We note from your disclosure here and in Note 5 that $508,822 of the $1,250,000 assessed for the purchase of 627,058 shares of common stock of FluoroPharma represented the cancellation in full of two promissory notes with accrued and unpaid interest.  However, it appears from the statement of cash flows that this amount was included in the total reflected as cash flows used by investing activites (i.e., $1,536,000).  Pursuant to guidance in paragraph 32, of SFAS 95, in future filings please record only cash amounts paid (or received) in this section of the statement of cash flows and present other forms of payment (or refunding) as non-cash supplemental disclosures of investing activities.
 
QuantRx appreciates the Staff’s comments and, accordingly, will revise future filings prospectively beginning with QuantRx’ Annual Report on Form 10-K for the year ended December 31, 2008 (the “2008 Annual Report”).

Note 9. Convertible Debt, page F-19
 
3.               
We note from your disclosure on page F-20 that you modified certain terms of previously issued warrants.  Please revise your notes in future filings to clearly disclose how you originally accounted for the warrants and accounted for the modifications made to the terms of the warrants.
 
QuantRx appreciates the Staff’s comments and, accordingly, will revise future filings prospectively beginning with the 2008 Annual Report.

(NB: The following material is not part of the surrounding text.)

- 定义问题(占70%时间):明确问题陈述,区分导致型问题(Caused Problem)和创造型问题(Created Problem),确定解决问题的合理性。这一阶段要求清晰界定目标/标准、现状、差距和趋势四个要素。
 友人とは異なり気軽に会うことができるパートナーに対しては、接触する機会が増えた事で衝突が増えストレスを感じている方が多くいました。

Note 13, Stock Purchase Warrants, page F-25
 
4.             
For all warrant issuances and modifications, please revise future filings to disclose how you determined the assumptions utilized within the Black-Scholes option pricing model for each reporting period presented.
 
QuantRx appreciates the Staff’s comments and, accordingly, will revise future filings prospectively beginning with the 2008 Annual Report.

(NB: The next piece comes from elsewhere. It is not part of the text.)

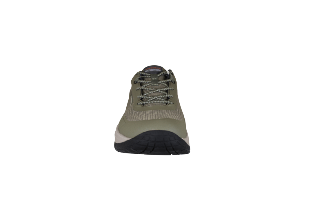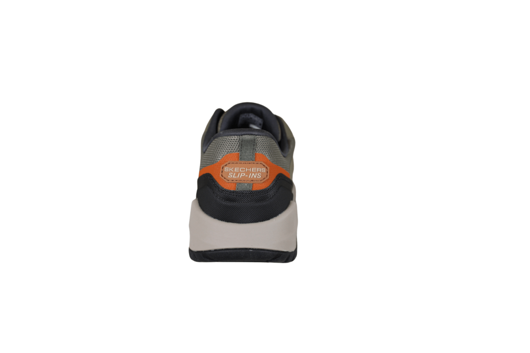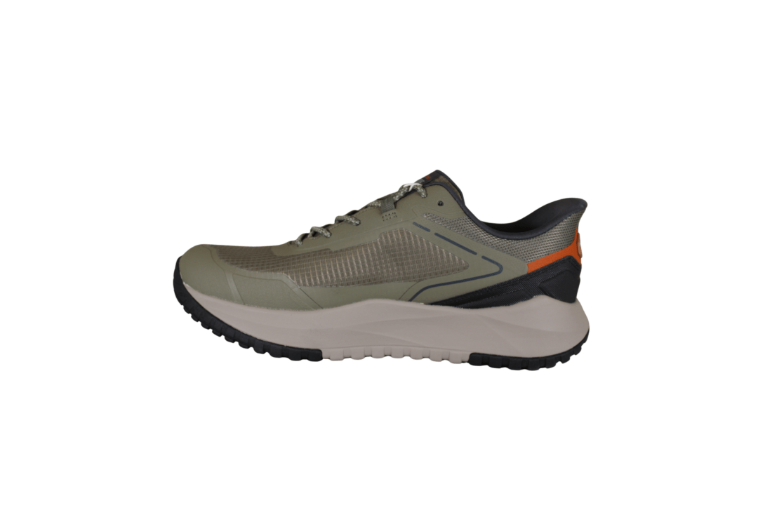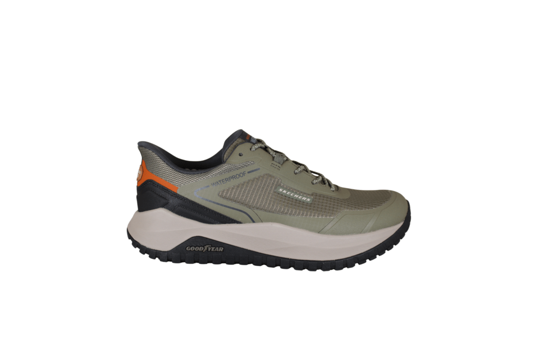 SKECHERS BADGER-KODA 211367/OLV (741-3682). Oliven grøn sneakers med grovere slidsål, der kan tåle mere slid og bruges i grovere terræn. Hælkappen er den populære SLIP-INS hæl. Skoen er lavet i tekstil både ind- og udvendig. Hen over vristen er der elastik snørebånd. Skoen har WATERPROOF, hvilket betyder den er vandtæt.
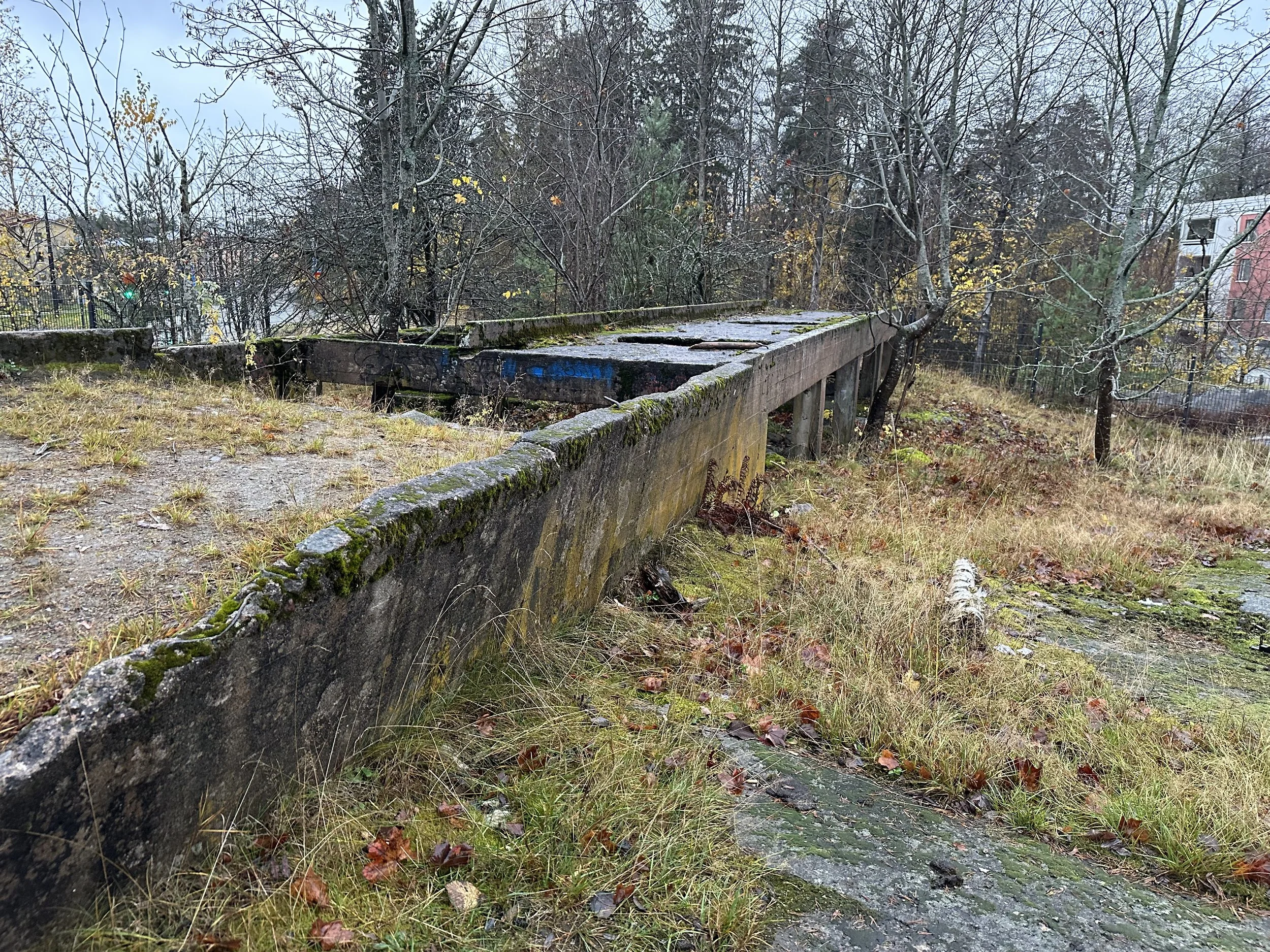 Betongstrukturen; Eliel Saarinens väg syns på andra sidan buskarna till vänster

Note 14, Common Stock Options, page F-29
 
5.             
In future filings please revise to provide all the disclosures required by paragraph A240 of SFAS 123(R) and SAB Topic 14.D.1.
 
QuantRx appreciates the Staff’s comments and, accordingly, will revise future filings prospectively beginning with the December 31, 2008 10-K.

3

Exhibits 31.1 and 31.2
 
6.             
We note that the certifications filed as Exhibits 31.1 and 31.2 to your Form 10-KSB did not include the language regarding internal control over financial reporting in the introduction to paragraph 4 and in paragraph 4(b) of Item 601(b)(31) of Regulation S-B.  Please note the guidance in SEC Release 33-8618, which states that the omitted language in the introduction to the fourth paragraph and in paragraph 4(b) must be provided in the first annual report required to contain management’s internal control report and in all periodic reports filed thereafter.  In this regard, the language in paragraph 6 does not comply with the guidance.  We further note from your March 31, 2008, June 30, 2008 and September 30, 2008 Forms 10-Q that the certifications did not include the language regarding internal control over financial reporting in the introduction to paragraph 4 and that the March 31, 2008 certification did not include the language of paragraph 4(b) of Item 601(b)(31) of Regulation S-K.  Accordingly, please file amendments to your December 31, 2007 Form 10-KSB and March 31, 2008, June 30, 2008, and September 30, 2008 Forms 10-Q to revise these certification in the form currently set forth in Items 601(b)(31) of Regulation S-B and Regulation S-K.
 
QuantRx appreciates the Staff’s comments and will revise future filings accordingly. We have attached hereto as Exhibits 31.1 and 31.2 forms of the replacement certifications and will amend the appropriate periodic filings accordingly pending resolution of the issues raised in the Comment Letter.

7.             
We note that your certifications filed in your Form 10-KSB filed pursuant to Exchange Act Rule 13a-14(a) are not in the exact form prescribed by Item 601(b)(31) of Regulation S-B.  Specifically, we note throughout the certification that you refer to the “registrant” rather than the “small business issuer.” Please revise your certification in future filings, including any amendments, to conform to the exact wording required by Item 601(b)(31) of Regulation S-B.
 
QuantRx appreciates the Staff’s comments and will revise future filings accordingly. We have attached hereto as Exhibits 31.1 and 31.2 forms of the replacement certifications and will amend the appropriate periodic filings accordingly pending resolution of the issues raised in the Comment Letter.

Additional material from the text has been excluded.